You run an experiment for three days, only to realize the loss was computed on the wrong dimension. You add a new module that improves results, then discover the baseline was undertrained. You spend a Friday afternoon making slides for a Monday meeting, copying screenshots from terminal outputs into PowerPoint.

Eventually, you internalize a set of checks. You learn what to look for when training curves behave unexpectedly. You run baselines with equal budget before claiming improvement. You learn that a 0.72 mean AUC might hide three classes at 0.9 and five at 0.5.

These lessons are expensive: GPU hours, paper rejections, and months of misdirected effort.

That is where agents can help. Not by driving the research itself, but by acting as guardrails for parts that are mechanical, error-prone, and tedious.

I want to be precise about the distinction.

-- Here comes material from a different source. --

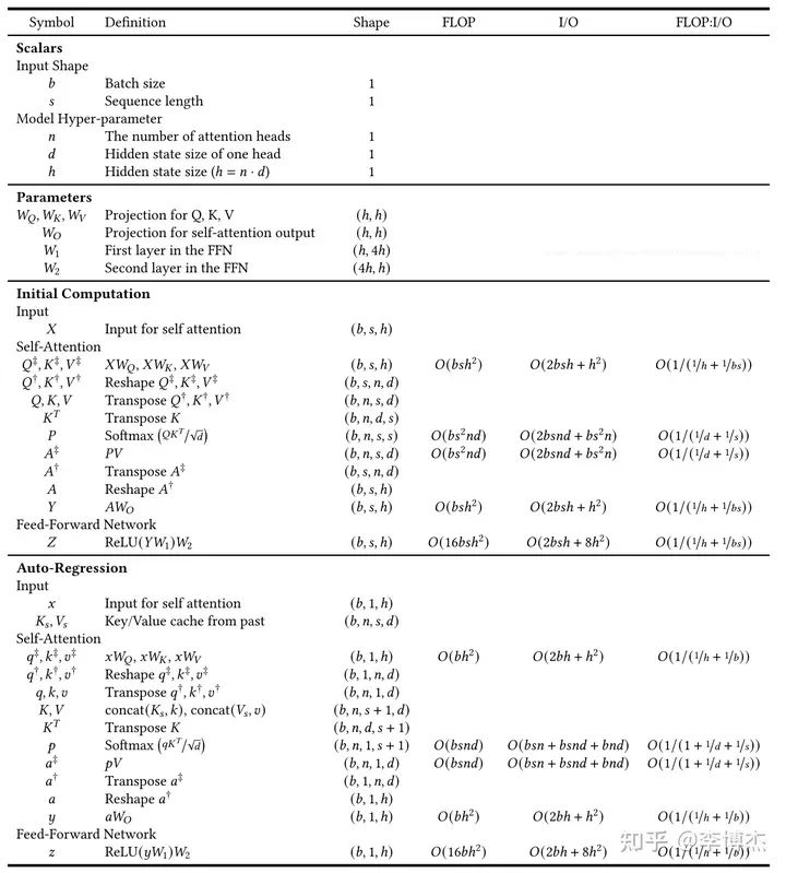 接下来我们就可以计算推理所需的计算量了。总的算力很好算,前面讲过,大概就是 2 * 输出 token 数量 * 参数数量 flops。如果想看细节,可以看下面这张图,来源是这里。

When someone asks an LLM “can you come up with a method that beats X?”, the output is usually unreliable. But when someone says “my method should in principle beat X, but it does not—what is going wrong?”, the problem becomes structured.

Structured diagnosis is exactly what an agent can do well. It can read the code, check the training loop, search for known bugs, and report back.

This is the difference between asking an agent to think and asking it to investigate. The first produces hallucination. The second produces useful work.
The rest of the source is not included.